It's a tough topic and one that most of us like to shy away from rather than embrace, but the honest truth is that the shots of people that you get - the best kind - are the ones that are candid, journalistic or spontaneous. That usually means asking permission afterwards, or not asking permission at all - which can appear quite odd, to some. One of my biggest concerns and anxieties is having my camera out in public. I recently went to a beach, of all places, and was shooting the coastline when a horrible feeling crept over me and I realised that there were lots of people around and that I was invading, a little bit, on their privacy. These guidelines are useful for shooting on the street, at public gatherings and events and at more formal occasions such as weddings.

Nutso by MoMona

:bulletblack: If the person is going to be the main subject of your photo - then it's kind to ask permission, get permission, and then snap away. This is in particular quite important when you're travelling in other countries. I once decided to snap an accordion player on the tube in Paris. I was subsequently followed for three stops whilst he demanded money in payment for me taking his picture. Be careful about your subjects, things can be delicate, especially in countries that are foreign to yours.
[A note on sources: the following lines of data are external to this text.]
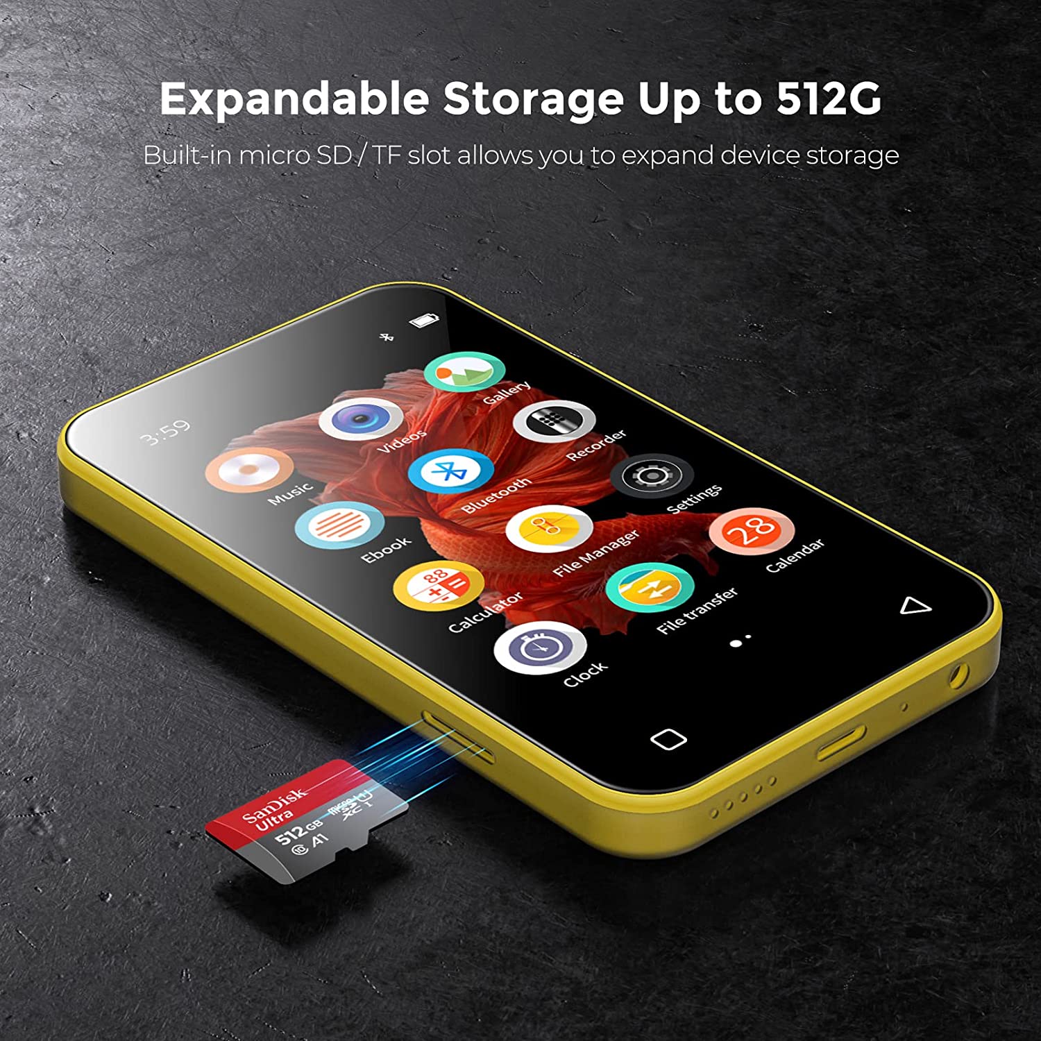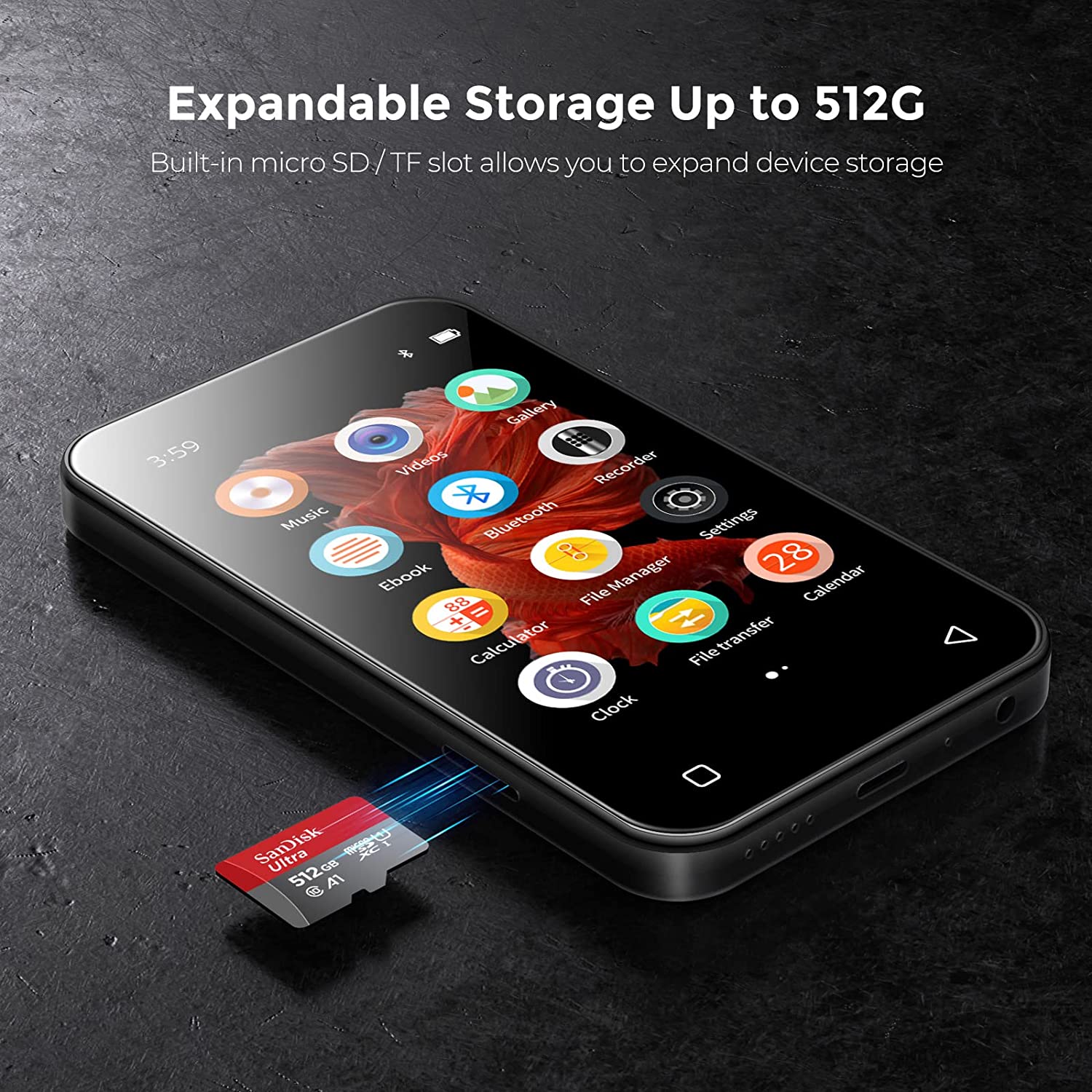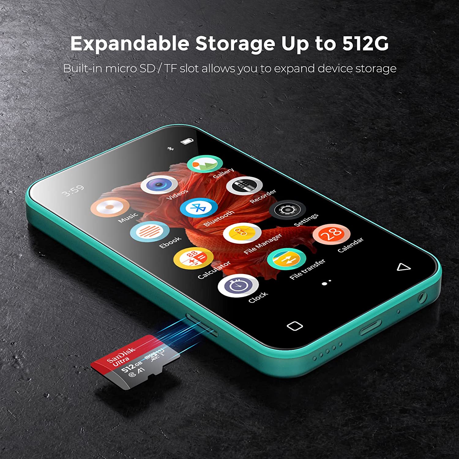 • 【Larger Storage】-- Provide 8GB internal storage and external sd slot which support up to 512GB enables you to download more music, movies and ebooks in the digital mp3 player.
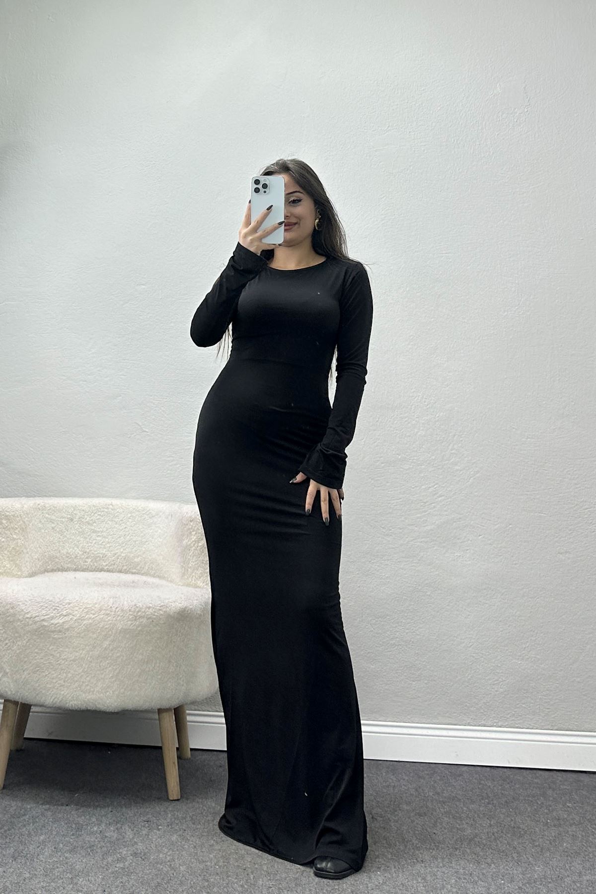 Sırt Dekolteli Sandy Elbise Siyah - 42525.1916.
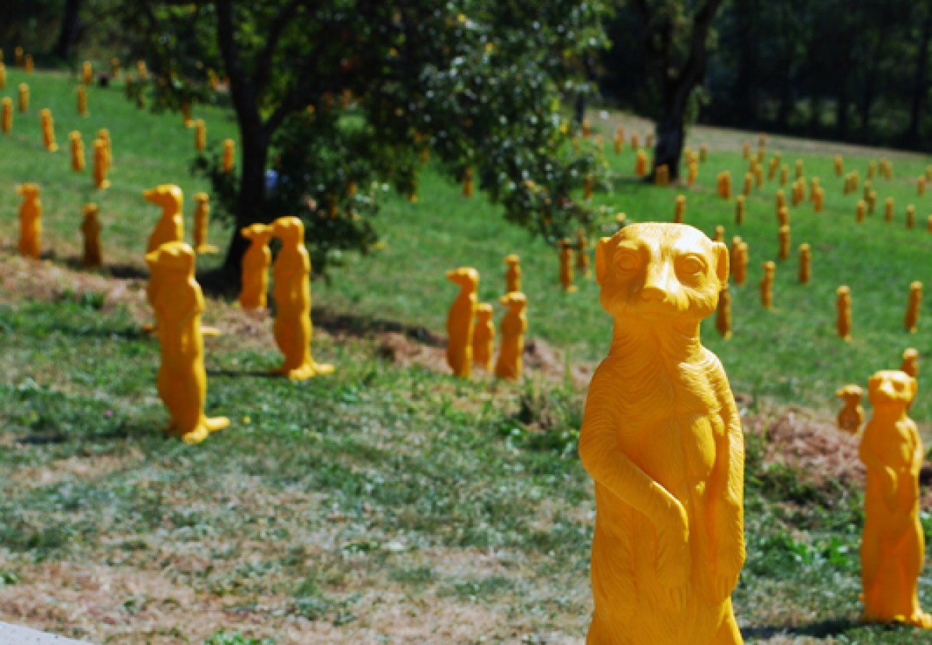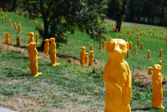 1000 Erdmännchen unternehmen einen Betriebsausflug in die Umgebung des Hofgut Hohenkarpfen. Fern ihrer Heimat im südlichen Afrika symbolisieren sie die globale Vernetzung und die Erschließung aller Winkel dieser Welt.

:bulletblack: Getting permission doesn't always involve that piece of paper with a signature on. At weddings in particular, you can simply raise your camera, and capture your subjects eye hopefully. They will often, with just the smallest nod, pose all of a sudden and then they're yours. At big gatherings like this, it would be impractical to ask each and every person so sit down and scribble their signature on a permission slip.

:bigthumb322852917:


:bulletblack: You need to start getting signatures if you're planning on publishing your shot and it shows a person quite clearly, and particularly if you're planning on using the shot for promotion or some other such thing. There was recently an article in the newspaper about IKEA and the fact that a family walked into a store and saw a picture of themselves hanging in frames that were for sale...they had no idea such thing was happening and it turned out that IKEA had trawled the internet for a stock shot, and found them - the perfect family! Be careful about your intentions, and be open and honest.

:bulletblack: No permission? Hostility? Move on respectfully and try something else. There's no use arguing, being covert or trying to wrangle somebody into your view finder. A no means no, and you should, as a photographer and a human being, respect that.

:bulletblack: When photographing children, regardless of all of the above, permission needs to be gained. Preferably from a parent or guardian. Additionally when shooting a wedding professionally, it's worth checking beforehand whether any parents would mind their children aka bridesmaids and such, being snapped. It's really important to be careful in this area, there's no sense in getting into trouble just because you were too lazy or forgot to ask.

:bulletblack: Travel light - if you're looking to shoot candidly then lots of equipment and lots of people can be quite daunting. Try and be as minimal as possible to make it easier for your subjects to adapt to the situation.

:bulletblack: Don't bribe - it's best not to tip or give gifts. Arm yourself with a business card or a website link to your facebook page or blog so that if people are interested they can go and see their photographs, but try not to offer money. If you're photographing a street busker however, it's polite to give a few coins in thanks. (Which I should have learnt!)

Ultimately, think about how you'd feel about being photographed covertly. Additionally think about how protective you'd be if you have children. Apply the same rules to those around you as you wish to have applied to yourself - and give the utmost respect as much as you can. Happy Shooting!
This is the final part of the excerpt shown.